# What needs to be done
Lines below that include the word "privaten" should each be copied.

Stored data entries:
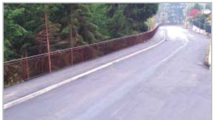
Nuovo marciapiede in Via Ronco - Endenna

Sono già stati appaltati i lavori per la realizzazione di un'ulteriore tronco di collettamento fognario (35.000€) per la contrada di Camanghè. Il centro della frazione sarà interessato da un intervento di riqualificazione e di messa in sicurezza con una spesa prevista di 150.000€.
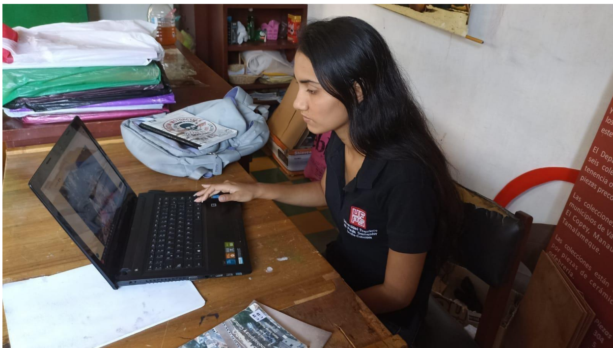
Figura 2. Trabajo realizado en el CEAD

Los medios como Facebook, Instagram, YouTube, libros, videos, entrevistas, materia de apoyo fueron la pieza fundamental para el inicio de las actividades planteadas en el proyecto.
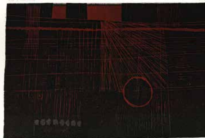
АНКИЦА ОПРЕШНИК, Летњи дан (1965) дрворез у боји на папиру; 27 × 40,5 cm (36,5 × 51 cm) Завичајна галерија, Музеј града Новог Сада
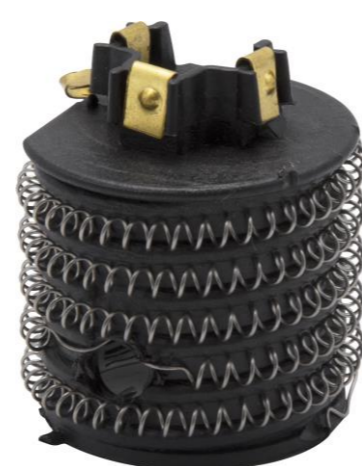
RESISTÊNCIA SIMILAR P/ DUCHA CORONA GDCHA 220V 5400W
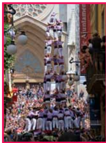
Autora: M. Neus Baena

12h, plaça de les Cols. Castells, torres i pilars , amb els Xiquets de Tarragona, Jove Xiquets de Tarragona, Xiquets del Serrallo i Castellers de Sant Pere i Sant Pau. Cada colla intervé per torn rotatiu, decidit per sorteig. L'actuació consta de tres rondes, però la colla que no completi les tres construccions pot arribar a fer dues tandes més, mantenint l'ordre sortejat, i en la darrera ha d'aixecar construccions superiors a les ja bastides. Els pilars tanquen l'exhibició. En finalitzar, toc de vermut amb els grallers i els timbalers de les colles.
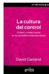
La cultura del control. Crimen y orden social en la sociedad contemporánea David Garland 84-9784-040-2
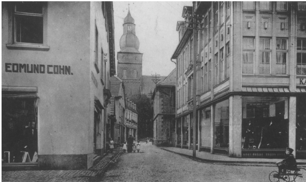
In der Wasserstraße lagen die jüdischen Kaufhäuser Cohn und Lenneberg direkt gegenüber. Beide Gebäude stehen noch heute.
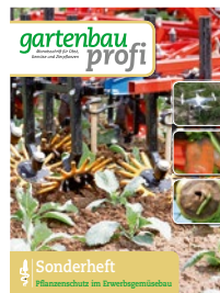
Sonderheft Pflanzenschutz im Erwerbsgemüsebau
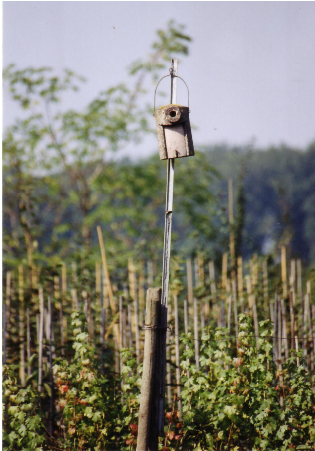
Abb. 6 Nistkasten in einem Freilandquartier
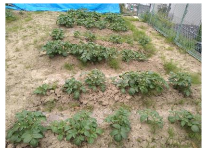
4月20日 芽かき前の写真
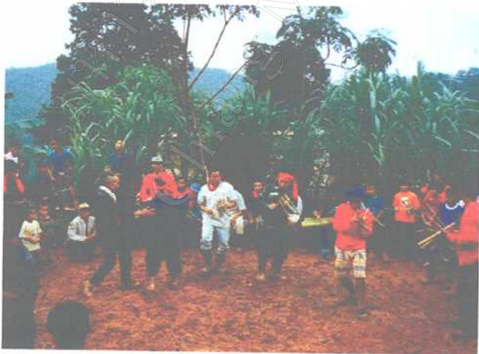
การแห่พิ ในพิธีโลด
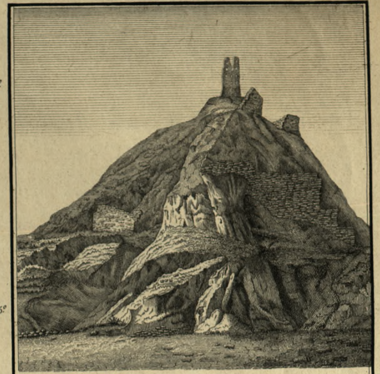
Ruines de la TOUR DE BABEL nommée aujourd'hui Birs-Nemrod. Elles s'élevaient sur le lieu où fut le quartier de Babel, appelé Barsippa. Le dernier mot signifie tour des langues, et en manuscrits ville de la dispersion des langues. On vient de trouver dans ces ruines des inscriptions cunéiformes de Nabuchodonosor qui attestent que ce temple des phéniciens, dévoré par le feu à cause de la confusion des langues et ruiné par le fléau de la tremblante de terre, fut restauré et terminé par ce conquérant.
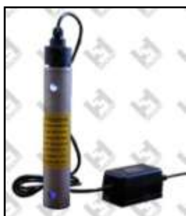
SUV3 300 l/h

Vi invitiamo a contattarci per individuare il sistema più adatto al Vs. caso specifico.
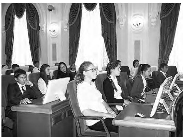
«Примерили» на себя депутатский статус.
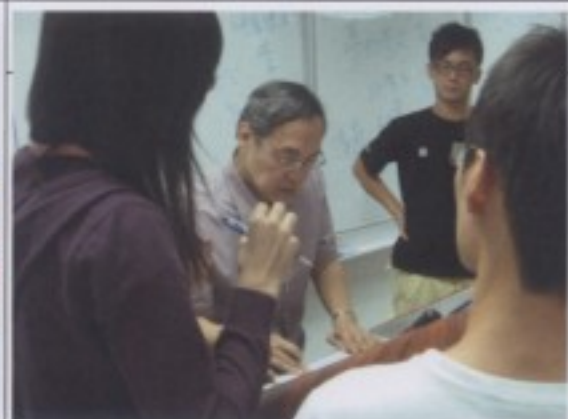
下課時，學員到講台前問問題。
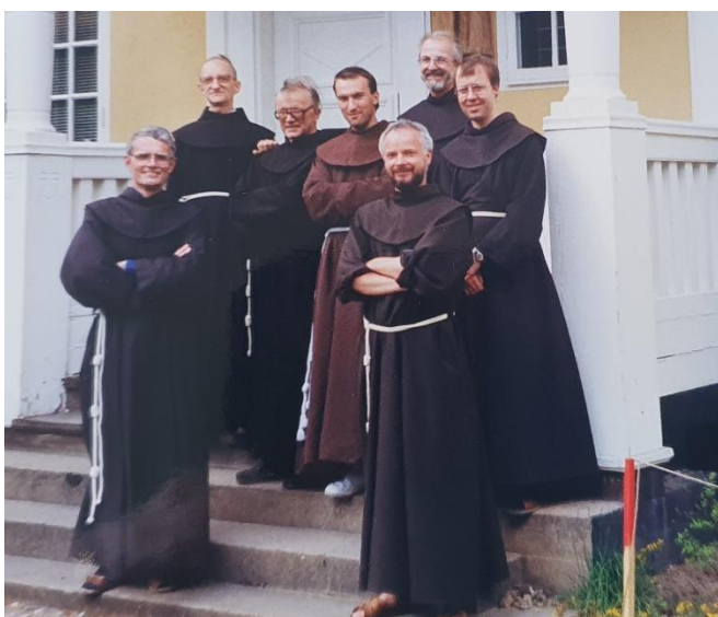
Franciskankommuniteten på 80-talet
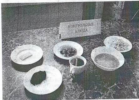
Питание для детей готовится из свежих и качественных продуктов.
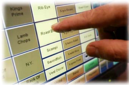
Kassensystem Produktauswahl, Kalkulation
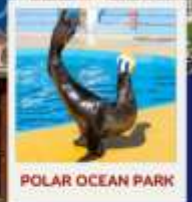
POLAR OCEAN PARK
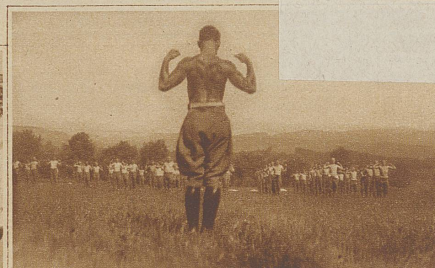
Krieg dem Speck
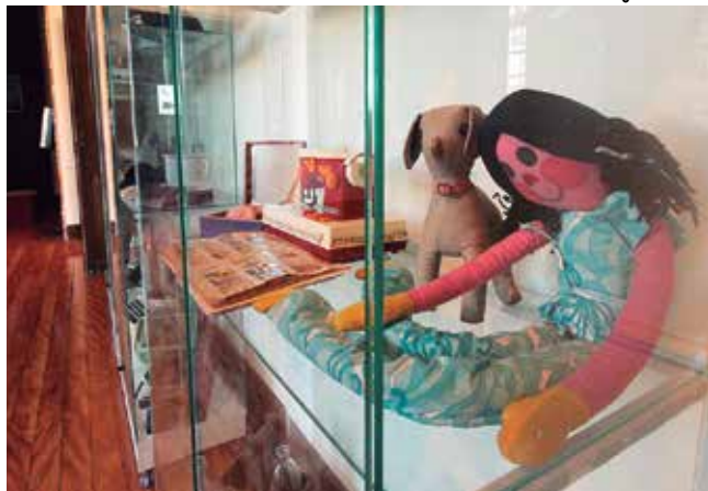
Vitrine do Mês - Criança Brincando com o Tempo
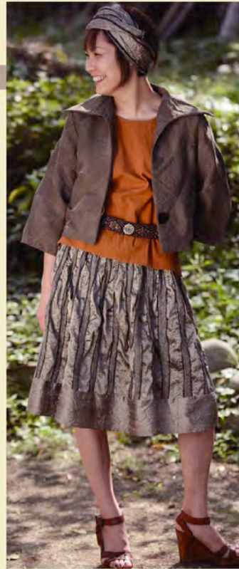
ジャケット A-606 ¥51,450 タンクトップ A-239 ¥11,550 スカート A-357 ¥51,450 ベルト A-922 ¥14,700
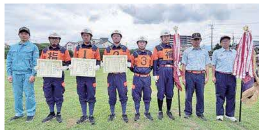
小型ポンプの部優勝の第3分団
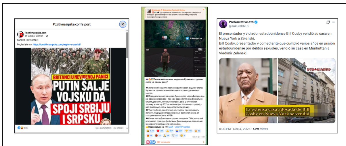
Ejemplos de publicaciones detectadas en la región
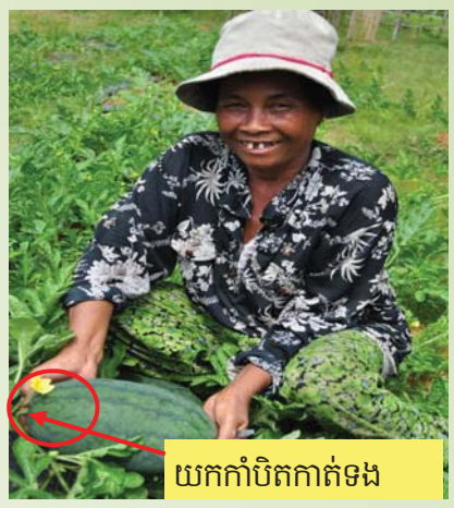
យកកាំបិតកាត់ទង
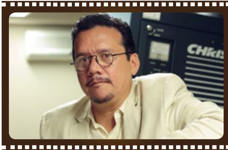
■ Marcelo Báez - Crítico de cine y escritor
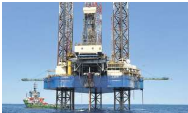
Inina platforma Labin, sagrađena u Rijeci 1985.

ZAGREB - Ministarstvo privrede Hrvatske objavilo je 24. formiranje Agencija za ugljikovodike i najavilo za april raspisivanje tendera za koncesionu eksploataciju naftno-gasnih polja u Jadranu. Razrađen je i finansijski model koji obuhvata fiksnu novčanu naknadu državi i podelu proizvedenih količina gasa i nafte, o čemu će Vlada raspravljati narednih dana, rekao je ministar privrede Ivan Vrdoljak. On kaže da u odnosu na trenutni model, koji je baziran isključivo na novčanoj naknadi, država u ovom prolazi znatno bolje. Prema simulaciji koju je predstavio u ponedjeljak novinarima, udeo koji će da ide državi, uključujući i podelu proizvodnje, je 60% kod gasa i 54% kod nafte, dok danas državi pripada 24%. Vrdoljak navodi da je prošle godine taj
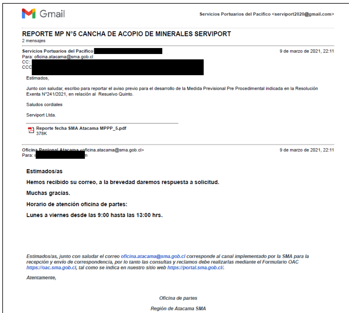
Imagen 3. Aviso previo a OR SMA

En la siguiente imagen, se da cuenta del aviso previo dado a la SMA.
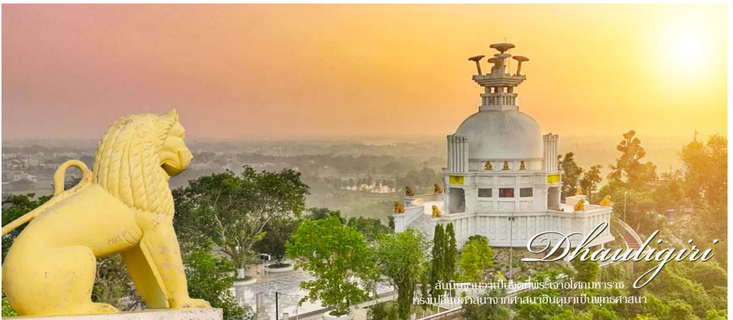
Dhauligiri "อนุสรณ์แห่งโอริสสา"

นำท่านเยี่ยมชม พิพิธภัณฑ์ Orissa State Museum เป็นที่รวบรวมประวัติศาสตร์และรวบรวมพระพุทธศาสนาจากสถานที่ต่างๆทางโบราณคดีและประวัติศาสตร์ของนครโอริสสา
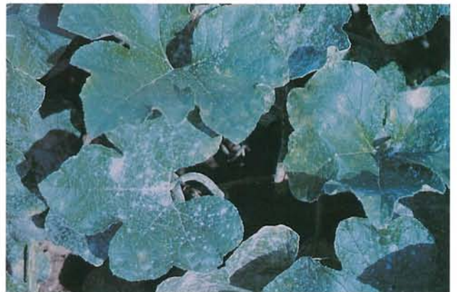
9.14 Oïdium; sur des feuilles de courge, lésions blanchâtres, semblables au talc. p. 143
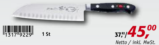
Santoku-Messer mit Kullenschliff, 14 cm, 8144214 K

1317 9229 1 St 37,82/ 45,00 Netto / inkl. MwSt.
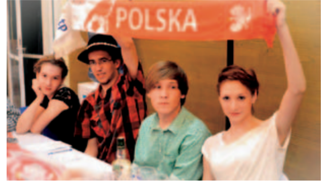
Żarowscy młodzieżowi radni podczas wyjazdu na Filipiny uczestniczyli w europejskim projekcie „Międzynarodowa Konwergencja Młodzieżowa na temat zatrudnienia, bezrobocia i edukacji. Jej głównym pomysłodawcą było Stowarzyszenie Semper Avanti z Wrocławia.

Sam nie byłem pewny, czy jestem w stanie uiścić tę kwotę, ponieważ wynosiła 1080 złotych, co dla ucznia to dość spora kwota. Burmistrz Żarowa osobiście znalazł mi prywatnego sponsora, który opłacił mi ten wyjazd, za co jestem bardzo
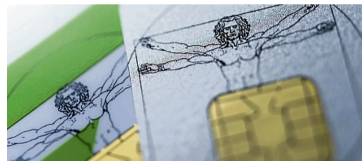
Gesetzlich garantiertes Recht: Versicherte können jederzeit innerhalb ihrer privaten Krankenversicherung in einen anderen Tarif wechseln und dabei ihre Altersrückstellungen behalten.

Übrigens: Ein Wechsel zu einer anderen privaten Krankenversicherung ist häufig nicht ratsam, so die Experten. Denn dort ist man Neukunde oder -kundin. Die Tarife sind oft deutlich teurer, weil man schon älter ist und mögliche Risikozuschläge hinzukommen. Und man verliere unter Umständen einen Teil oder alle angesparten Altersrückstellungen. dpa

# Task solution
Gesetzlich garantiertes Recht: Versicherte können jederzeit innerhalb ihrer privaten Krankenversicherung in einen anderen Tarif wechseln und dabei ihre Altersrückstellungen behalten.
Übrigens: Ein Wechsel zu einer anderen privaten Krankenversicherung ist häufig nicht ratsam, so die Experten. Denn dort ist man Neukunde oder -kundin. Die Tarife sind oft deutlich teurer, weil man schon älter ist und mögliche Risikozuschläge hinzukommen. Und man verliere unter Umständen einen Teil oder alle angesparten Altersrückstellungen. dpa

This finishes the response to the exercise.